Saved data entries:
━━━━━━

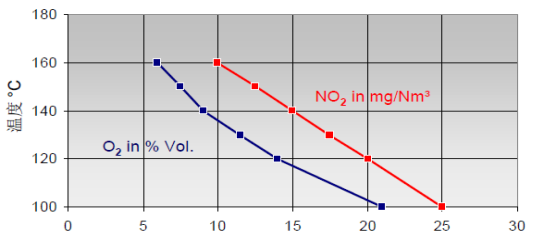 另外,燃煤煙氣中的SO3會與水發(fā)生不可逆反應而生成硫酸H2SO4。硫酸將不斷在濾袋或粉塵上霧狀結聚形成氣溶膠,氣溶膠會不斷濃縮對PPS濾袋和金屬部件進行強烈的氧化腐蝕。因此,必須控制好煙氣溫度,防止因煙氣結露造成對濾袋和設備的損傷。圖1-2表示了在不同氧化劑含量下PPS濾料最佳使用溫度范圍圖,從圖中可以看出,將煙氣中的O2控制在8%以下,NO2控制在15 mg/Nm3以下,PPS濾料的持續(xù)使用溫度范圍在100-150℃之間;持續(xù)使用溫度在180℃,煙氣中的O2控制在5%以下,NO2控制在5 mg/Nm3以下。
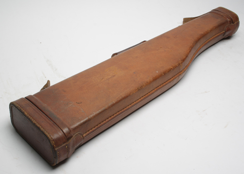 A TAN LEATHER DOUBLE ENDED LEG-OF-MUTTON GUNCASE, fitted for 30in. barrels, Estimate £60-80
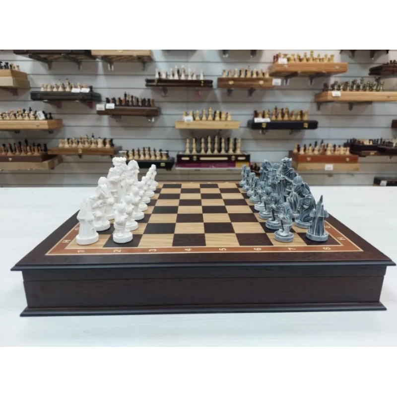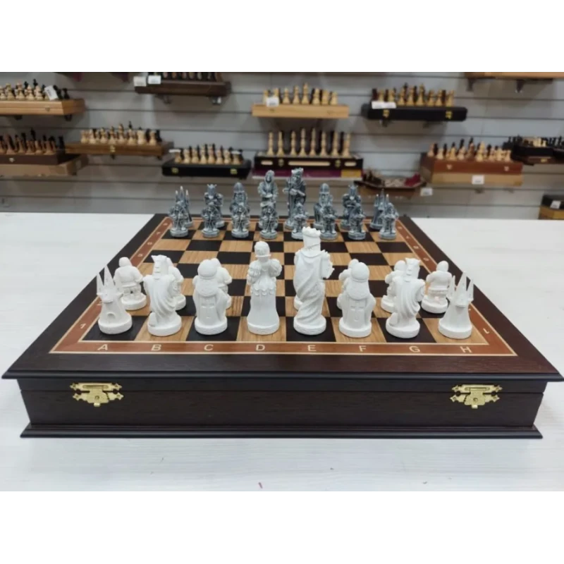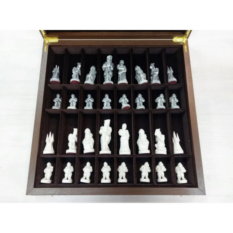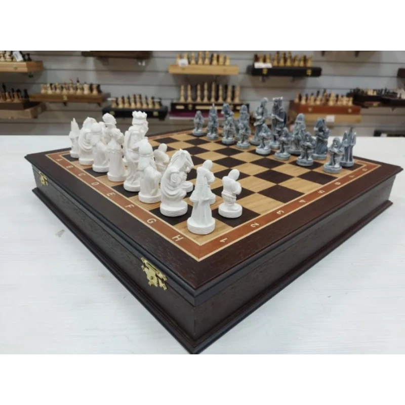 Эти шахматы являются подарочными, так как они поставляются в специальном ларце или же другими словами в шкатулке или ящике как удобнее. Такой дизайн позволяет сохранить фигуры от повреждений и пыли, а также делает этот комплект удобным для переноски.
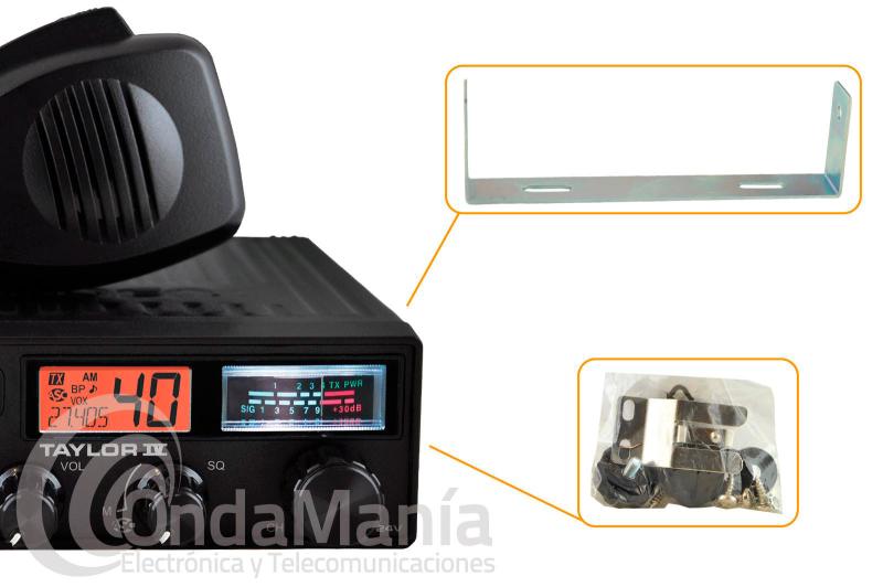 El pack incluye: Emisora President Taylor IV, micrófono President Digimike con subida y bajada de canales, soporte para emisora y para micrófono, manual de instrucciones en Español, tornillería.
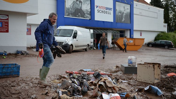Von den Wassermassen, die in die Unterführung flossen, wurde auch das Sportgeschäft von Irena Schoell geflutet. Das Wasser stand gut einen Meter hoch, wie Spuren an den Wänden zeigen. Helfer werfen nun Kleider, Schuhe, Schaufensterpuppen in einen Container im Hof. "Das ist ein Alptraum", sagt Schoell.
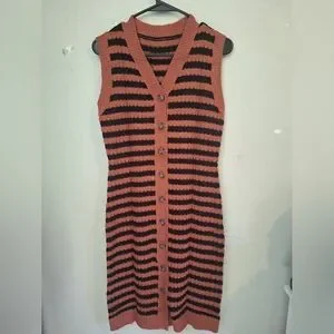 NWOT Striped Black and Rust Button-Down Knit Cardigan

━━━━━━

> _Problem requirements_
Look above and copy only the lines from the one holding "A TAN LEATHER" to the one holding "El pack incluye: Emisora", both included, exactly, minus the pictures.

> _Solution for this problem_
 A TAN LEATHER DOUBLE ENDED LEG-OF-MUTTON GUNCASE, fitted for 30in. barrels, Estimate £60-80
 Эти шахматы являются подарочными, так как они поставляются в специальном ларце или же другими словами в шкатулке или ящике как удобнее. Такой дизайн позволяет сохранить фигуры от повреждений и пыли, а также делает этот комплект удобным для переноски.
 El pack incluye: Emisora President Taylor IV, micrófono President Digimike con subida y bajada de canales, soporte para emisora y para micrófono, manual de instrucciones en Español, tornillería.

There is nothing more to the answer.